The More Technical You Are, the Better

 Every once in a while, what I find when evaluating an on-site biomedical service surprises me. For instance, every now and then I run across an in-house department or an outside vendor service that is still performing needless safety checks that consume time and serve no useful function. I found one biomed shop still safety checking all the leads on an electrocardiogram (ECG) machine, so I asked, “Why?”

“We’ve always done it,” I was told.

“Have you ever found a bad one?”

“No.”

“Did you know that for a little over 10 years now all manufactured ECG/EKG devices have been optically isolated, and the chance of any current and/or voltage traveling back to the patient is next to impossible?” I asked.

“Well, someone needs to check them!”

“All ECG/EKG devices have built-in software that checks and/or performs a complete diagnostic of all leads during startup and/or during the patient recording process, per Food and Drug Administration requirements.”

“Oh.”

Under today’s demanding, do-more-with-less edict, why would you perform needless tasks?

Another problem I’ll occasionally find in my biomedical service evaluations is a biomed or service organization employee who cannot operate a ventilator or, say, an anesthesia machine. How can you run the diagnostics on your equipment if you don’t know how it is used?

Biomeds/clinical engineers today have to be more machine technical than the users/operators. How else are you going to perform one of the major job responsibilities of a biomed technician–assisting clinical personnel? How are you going to determine whether the medical device has a problem or whether there has been an operator error, which, according to the Joint Commission on Accreditation of Healthcare Organizations (JCAHO), is reportable to the safety committee of the institution for which you are providing service?
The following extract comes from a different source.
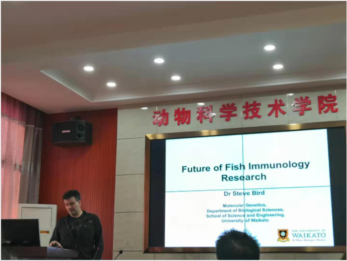 2019年12月7日,动物科技公司在二教501邀请了新西兰瓦凯拓大学博士生导师、国际著名水产免疫学一区期刊Fish and shellfish immunology副主编Steven博士做了学术专题报告,Steven博士是由湖南省“百人计划”学者邹钧教授联系和邀请,在2019年12月5—8日期间来校做学术交流和指导。Steven博士以“Future of fish immunology research”为报告题目介绍了水产免疫学研究的现状与未来,机遇和挑战,并与公司水产系研究生举办面对面的英语口语交流。

The only admonition I would offer regarding knowing how to operate your equipment is to keep in mind that as a biomed/clinical engineer, you are not a clinician, so never reference a patient when explaining or demonstrating the operation of a medical device with end-users. You can tell them the way it should operate, how to react to alarms, or even how to set up the device for use. Make sure you have the user/operator manual in hand, and continue to reference it at all times during any dissertations you might provide. But remember, the only person who can give an acceptable/accrediting in-service is a factory representative or clinician.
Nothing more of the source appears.